I used to have a big, very tattered antique map of Canada on my bedroom wall, hung opposite the door so it was the first thing you saw when you came in. It was bigger than the window it was beside, and it had all the places I'd lived circled in black ink: Vancouver, Toronto, Oakville, Edmonton, Lethbridge, Regina. I'd gotten it second- or third-hand and the people who owned it before had done the same thing, circling places that were notable for some reason, except in blue and red: Lumsden, Montreal, Moncton, Chicoutimi, Ottawa, Calgary, St. John's. Some of them are drawn in by hand, their locations approximate, because the map predates their existence.
There is no date on it, but it was made before 1905 because Saskatchewan and Alberta, which joined confederation that year, don't appear on it as provinces; instead it shows them as districts that lie close to the American border, with Assiniboia and Athabasca above them. Most of the north is entirely unmapped; coastlines of islands in the Beaufort Sea are drawn in uncertain dotted lines, and sometimes disappear entirely, to pick up again hundreds of kilometres away.
Newfoundland was still a British colony in 1905, not a part of Canada nor close to becoming one like the districts in the west. On the map, the dominion of Canada and the territories that it's about to swallow are centred on the page; but Newfoundland juts over the right-hand edge of the solid black line that marks off the margins, like something inconsequential and superfluous. For all the placenames and landmarks drawn in, the mapmaker could just as well have left the island entirely blank with a note beside it saying that here be dragons.
That was years and years ago and I hadn't thought about it in a long time until last August, when I wanted somewhere far away where I could disappear for a little while, away from a relationship that was only getting more harmful as it developed. Geographically, Newfoundland is the furthest away from my hometown you can get without crossing international borders. I didn't have a passport and I needed to leave quickly.
So I borrowed six hundred dollars and took the map (just in case) and went to St. John's.

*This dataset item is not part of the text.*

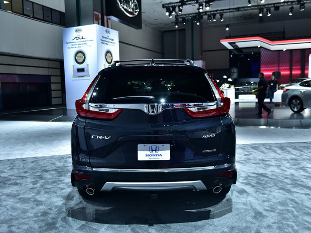 全新一代本田CR-V前臉使用了本田新的家族式設計理念,前大燈線條更加動感,六邊形的前格柵上部采用了大面積的鍍鉻裝飾,下半部則采用了黑色蜂窩狀設計。新車前保險杠的線條更加立體,兩側霧燈上方加入了褶皺設計,頗有力量感。新車的大燈使用了LED光源,在配置方面做到了與時俱進。
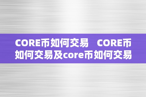 CORE币如何交易 CORE币如何交易及core币如何交易和变现

St. John's is not like anywhere else that I have ever been. The streets are narrow and winding and tilt at crazy angles downhill toward the harbour, and when I drove I felt like I was either missing too much or well on my way to getting lost, so I left the rental car in the hotel parking lot and walked instead.

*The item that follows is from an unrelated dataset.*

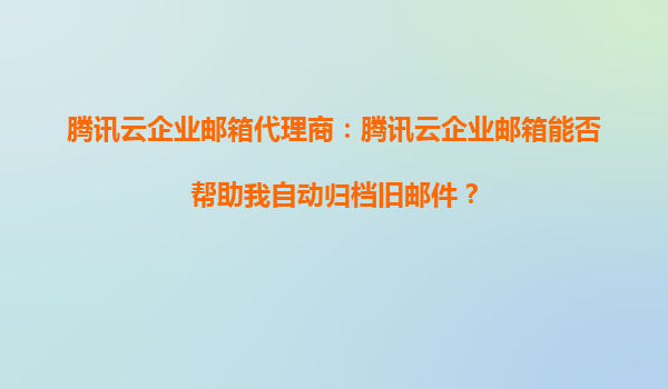2025-10-09腾讯云企业邮箱代理商:腾讯云企业邮箱能否帮助我自动归档旧邮件? 企业邮件管理的痛点与需求 在现代企业中,邮件作为重要的沟通工具,每天都会产生大量的往来信息。随着时间的推移...

I was there for a week, which was not long enough to heal the broken heart I was nursing but was all the time I had before I needed to be in Halifax for school. For the entire week it rained, and it was glorious; for the entire week I wore sweaters and gloves and a toque and was still cold, the sort of cold that reminds you that your limbs are all still attached, and that was glorious, too.
When I am lonely I tend to actively seek out strangers to talk with and get to know, and St. John's was very kind to me. I brought coffee to locked-out CBC employees on Duckworth Street and in return was regaled with stories about radio broadcasting, and was bought pints of Guinness by Newfoundlanders who thought it was hilarious that I had escaped one hopelessly impoverished province only to end up in another. During the day I wandered around the city with these newfound and temporary friends; at night I drank until I slept, then woke at dawn a few hours later to start again.

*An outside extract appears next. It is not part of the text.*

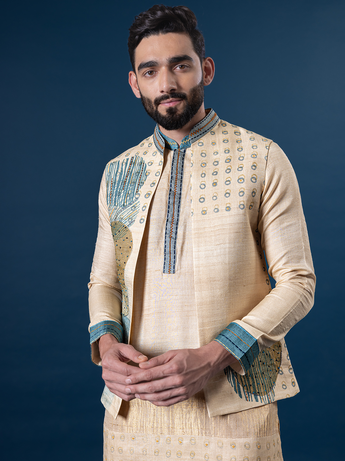 This cream waistcoat set is a sophisticated and excellent option that is ideal for special events. It is embellished with lovely thread and printed details and is made from raw silk fabric. It provides a refined appearance for gatherings and weddings when paired with a matching bottom.

Nowhere to be, no-one to meet, and no plans about what to do. It was the most refreshing holiday I've ever had.
Cape Spear is not very far south of St. John's, and it is the easternmost point of North America. It isn't on my elderly map, which as it happens shows that the easternmost point is Cape Race, not Cape Spear; but that's a trick of projection, not a fact of geography. East of Cape Spear there is nothing but the ocean for thousands and thousands of kilometres.
It's mile zero of the entire country. That might not be a big deal to you or to anyone else, but it is to me. Most of my childhood was spent on long car trips across western Canada that sometimes ended up on the west coast of Vancouver Island, which is the exact opposite end of the country from Newfoundland. I had always, always wanted to see the other side.
So on a Thursday I reclaimed my rental car at 4am from a baffled valet who couldn't understand why I would be excited about going somewhere at an ungodly hour of the morning in the pouring rain, and drove to Cape Spear to wait for the sun to rise.
All of the coast of Newfoundland that I saw is rocky and forbidding. I used to swim in the Pacific, shedding clothes to dive in off boulders on sandy beaches in the dead of night, but I wouldn't want to try that here. Even in August the water is frigid, and I would rather admire the jagged rocks from a distance. Cape Spear is one of probably hundreds of thousands of rocky outcroppings; it just happens to be a bit more easterly than the others. You can hear the waves crashing against the rocks from further away than you'd expect.
Of course it was deserted in the rain and so early in the morning, but that made it better; no-one to see me slip and fall on the stairs built into the hill more than once, no-one to look at me oddly when I stepped closer to the edge of the cliff than was wise, no-one to watch me grinning like an idiot thinking how neat it feels to be teetering on the edge of a continent. (And it does feel neat.)
It was too wet to see very much. The ocean vanished into the fog maybe thirty metres from the cliff's edge, the background noise from the waves was deafening, and I can only assume that the sun rose because the horizon was also obscured by fog; all that happened was a lightening of the cloud cover, and the rain let up into a drizzle, and then it was finished.
I went back to my hotel soaked to the skin, teeth chattering and fingers red and swollen from the cold, feeling light-hearted for the first time in months.
Since then I have been trying to write the city a love letter, in the same way that Wings of Desire is a love letter to Berlin. So far I have met with no success. How do you put into words the gift of a second chance at being able to trust people? I am slowly learning how to forget being hurt, and how to love again; I can't even put into words what a relief that is, let alone express what it means to me.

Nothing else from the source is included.